Di tutto ciò, cosa la infastidisce?
...ma che le scrivo a fare?"

"Gli spacciatori e le mafie ti ringraziano, in america molti stati hanno deciso di legalizzarla ed altri stati la stanno per legalizzare, in canada è legale...l'Oms l'ha riconosciuta mondialmente come medicina tolta dalla classifica come droga. Ma a te interessa fare spettacolo ne Mattè?"

"Lo Stato ha il monopolio su tabacchi, quelli invece fanno bene?"

"Il proibizionismo non farà altro che aumentare l'uso di psicofarmaci e alcol. Voto Lega da quando è presente a livello nazionale ma stavolta salto. Arrestate chi importa tonnellare di eroina e cocaina invece di mettere in galera i soliti poveracci. Addio"

"Ti ho votato e non ti rivoterei mai più. Sei ridicolo, dici di essere contro la mafia in realtà rappresenti il loro più grande alleato"

Che siano veri elettori o solo follower che vogliono trollarlo hanno ottenuto una caterva di like dagli altri utenti e dunque ora sulla bacheca di Salvini c'è una vera e propria rivolta a favore della cannabis legale, così come sta succedendo su Twitter. Almeno fino a quando non arriveranno i segugi che magicamente faranno "salire" a forza di fake likes i commenti pro-Salvini...
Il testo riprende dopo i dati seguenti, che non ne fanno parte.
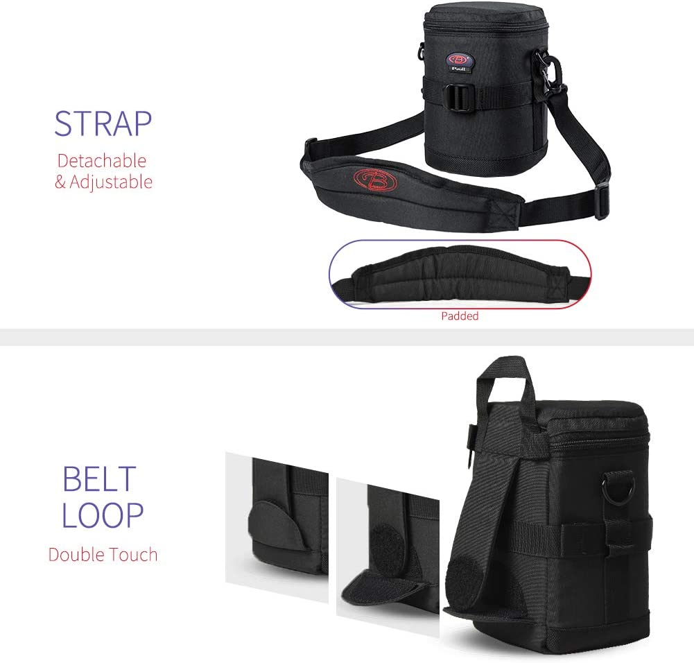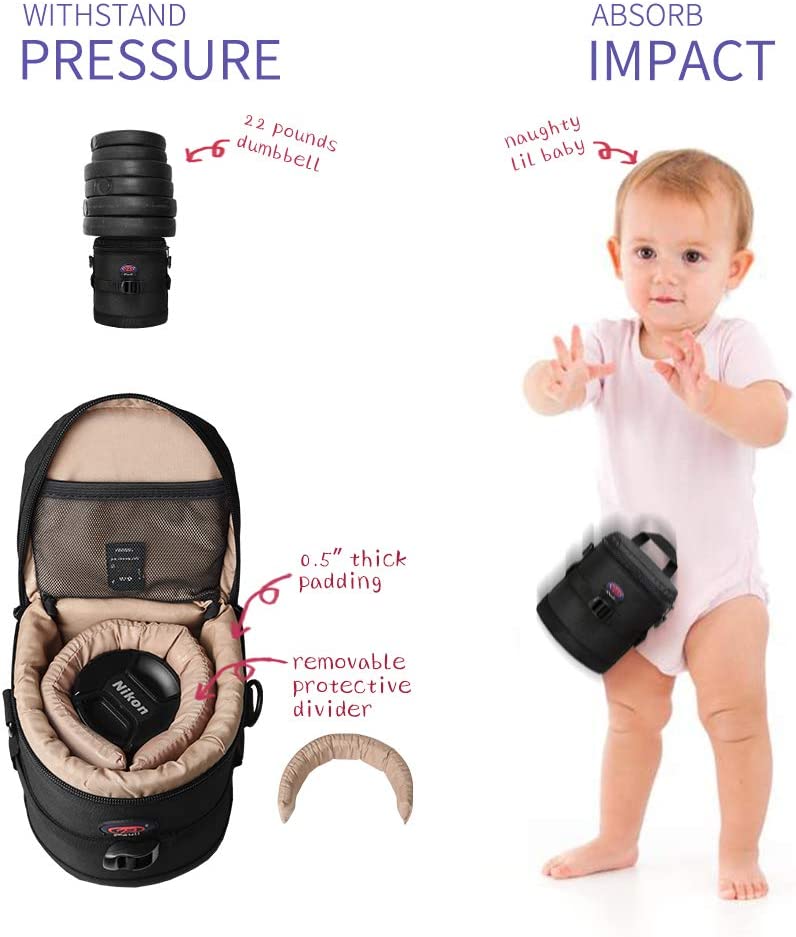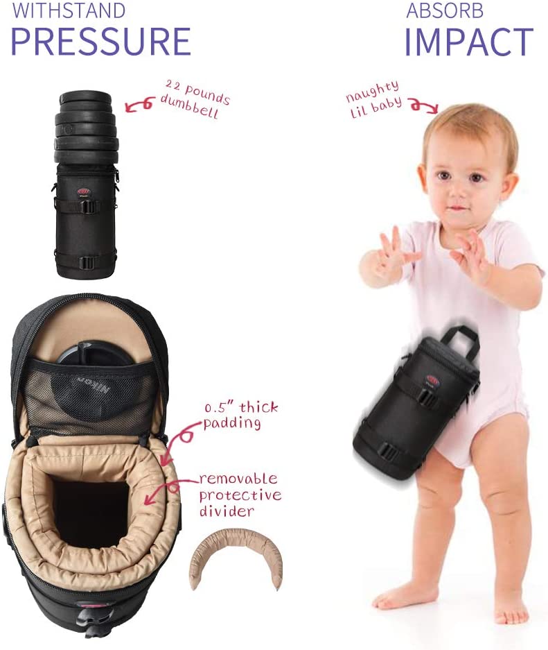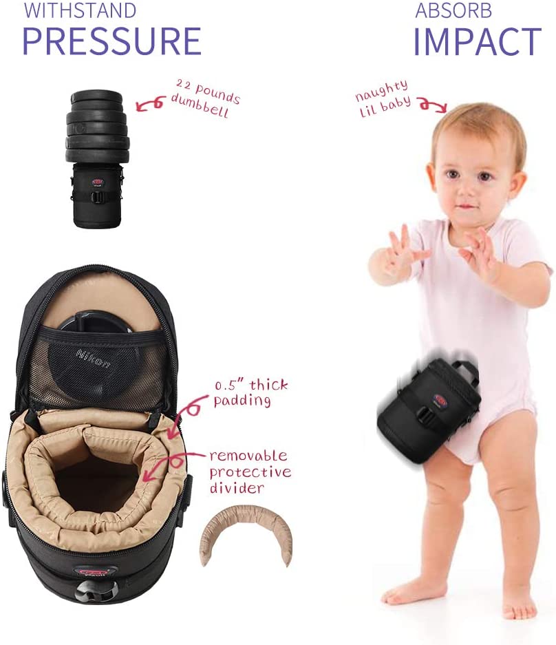 • Good Protection--Removable devider attached in the len case to fix your lens from shaking, and the lining is 0.5 inch thick makes the lens pouch anti-fall and anti-pressure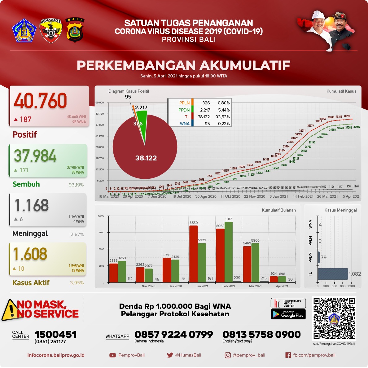 Pertambahan kasus pada Senin (5/4) hari ini yakni terkonfirmasi 187 orang (169 orang melalui transmisi lokal, 17 PPDN dan 1 PPLN), sembuh 171 orang, dan 6 orang meninggal dunia.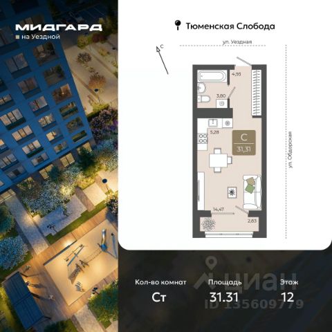Продается однокомнатная квартира-студия в ЖК "Мидгард на Уездной" на 11 этаже. Квартира без отделки, новый собственник может сделать ремонт по индивидуальному проекту. Общая площадь: 31.31 кв.м., площадь гостиной 19.75 кв.м., из которых 5.28 кв.м. выделено под кухонную зону. Все окна выходят на одну сторону. В квартире один балкон, один совмещенный санузел. Высота потолков 2.72 м. Дом монолитный, черырехподъездный, переменной этажности, от 9 до 15 этажей. Квартира находится в 3-й секции высотой 15 этажей в корпусе ГП-1. На этаже 8 квартир. В подъезде 1 пассажирский и 1 грузовой лифт. Окончание строительства - 3 квартал 2027 года. Оформление сделки по договору долевого участия. "Мидгард на Уездной" - современный проект комфорт-класса, расположенный на первой линии Тюменской слободы, с видом на развязку Московского тракта. Он сочетает в себе современные архитектурные решения и комфортное проживание в гармонии с природой. Жилой комплекс находится в перспективном районе, который отличается транспортной доступностью: до крупных торговых центров "Кристалл" и "Колумб" можно добраться за 10 минут, а до центра города - за 15 минут. В шаговой доступности школы, детские сады, торговые центры и парки, что делает локацию идеальной для комфортной жизни. Проектом предусмотрены дома с дизайнерскими входными зонами и планировочными решения для любого сценария жизни с возможностью включить в ипотечный платеж ремонт, мебель и технику от застройщика. Закрытый двор и собственная аллея вдоль жилого комплекса позволят насладиться тишиной вдали от суеты большого города. #z65cDE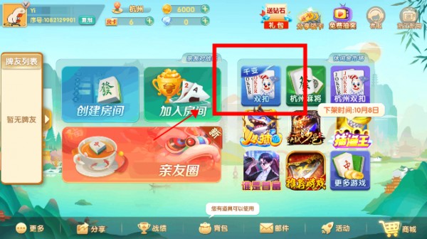 3、规则上千变双扣增加了癞子、贡献等多种玩法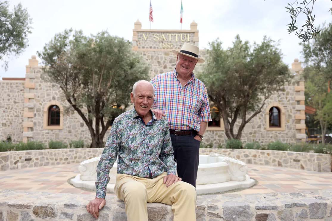V. Sattui Winery founder Dario Sattui, left, and president Tom Davies outside the newly renovated customer retail and tasting space at V. Sattui Winery in St. Helena Wednesday, Sept. 24, 2025. (Beth Schlanker / The Press Democrat)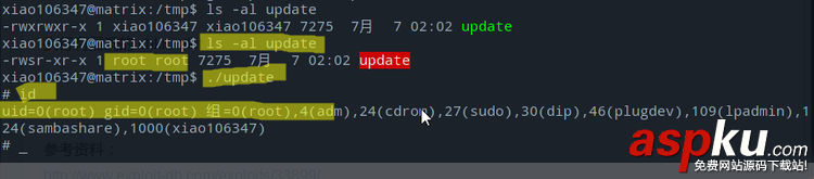 普通用戶在 /tmp 目錄下新建 update.c(代碼實示例如下):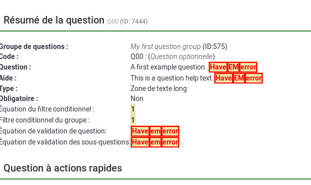 | Description | In 3.X and before : question quick view show question text + no language settings. If there are expression error : it's a good way to check it. | ||||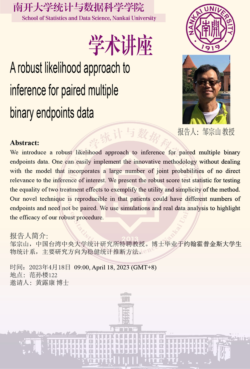 A robust likelihood approach to inference for paired multiple binary endpoints data (邹宗山)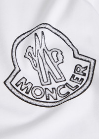 Info & Care Moncler cotton T-shirt Ribbed crew-neck, designer applique at sleeve, designer print at chest Slips on 100% cotton Machine wash Size & Fit Length shoulder to hem: 27 inches/ 68.5cm Midweight Regular fit Model is 6'1"/ 185cm, chest size 38.5 inches and wears a size medium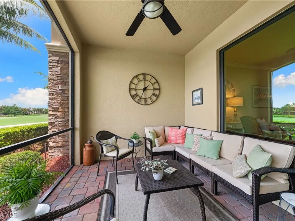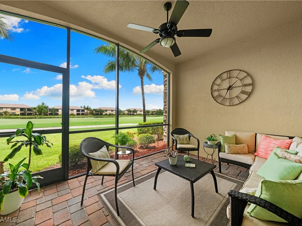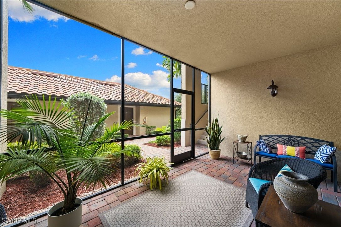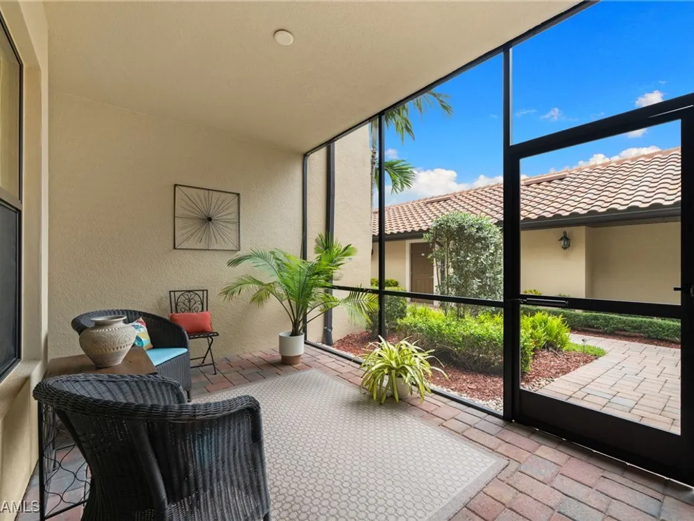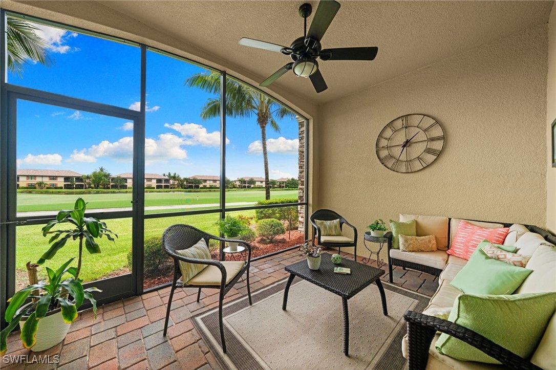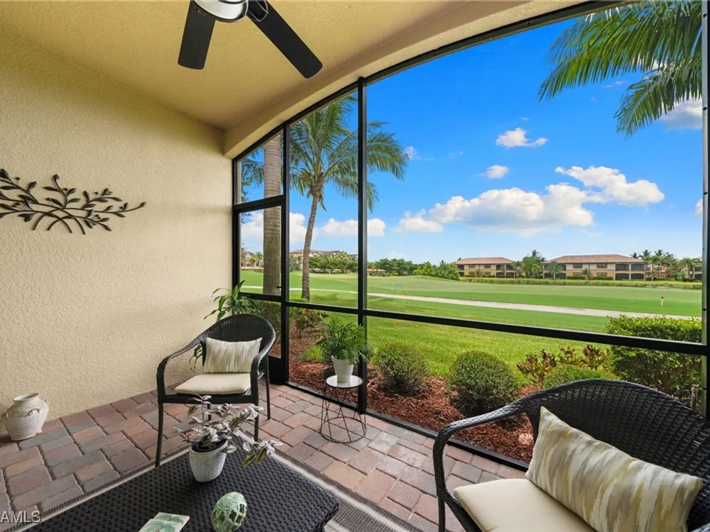 Step into this sought after ground floor, "Arabella" floor plan offering 2 bedrooms plus a den, 2 bathrooms, and a 1 car garage in the resort style community of Bonita National. As an end unit, this veranda home has additional windows and is bathed in natural light, enhancing its open and airy feel. The spacious living area flows seamlessly to a screened lanai with sweeping views of the lush golf course, perfect for enjoying morning coffee or evening sunsets. Thoughtfully upgraded, this home features no carpet for easy maintenance, crown molding, and is being sold partially furnished. Owners may golf unlimited from May - October. Bonita National offers world class amenities, including championship golf, tennis, fitness center, resort pool, multiple dining options and pickleball and bocce are being added soon! All just minutes from the beaches, shopping, dining and airport!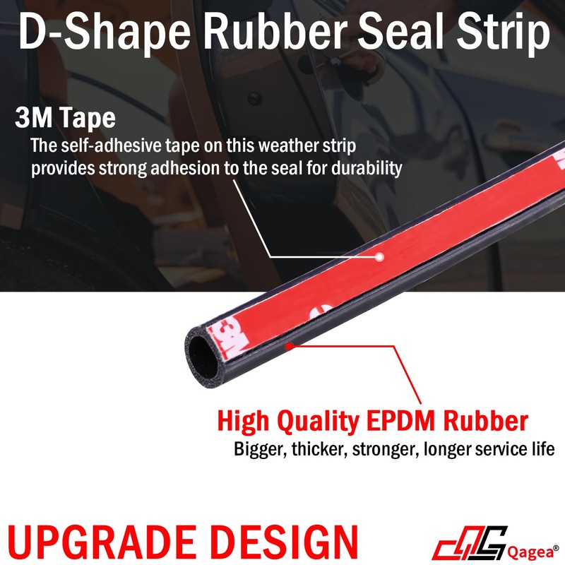 D-Shape Rubber Seal Strip, Automotive Door Weather Stripping with Self-Adhesive to Reduce Noise and Water-Leaking Apply to Car, Truck, RV, Boat and Home Application (28ft)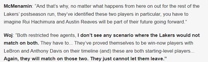 名记Woj则表示:这两名球员都将在休赛期都是受限制自由球员,湖人会匹配他们两个人的合同报价,他们已经证明了自己能帮助AD与詹姆斯获得胜利,而且他们都是首发级别的球员……湖人不会让他们离开的。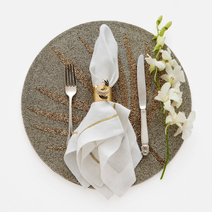 I feel like I am seeing this leaf shape everywhere – and I was dying to pop it into neutrals and onto a placemat. This palm frond placemat it really goes with everything and I love the DRAMA!

Insomma, come reazione al caso Siri, forse questa volta Salvini ha scelto la battaglia sbagliata. Il fatto di aver chiuso dei negozi non dice nulla, perché un funzionario pubblico, che sia un agente delle forze dell'ordine o un burocrate, ci mette un secondo a trovare una possibile irregolarità per giustificare una chiusura, bisogna poi vedere se quella chiusura viene confermata oppure no, se è legittima oppure no, e capire quale sia la reale irregolarità. Si spacciava droga in quei negozi? C'era cannabis con THC sopra il consentito? O non funzionava il registratore di cassa?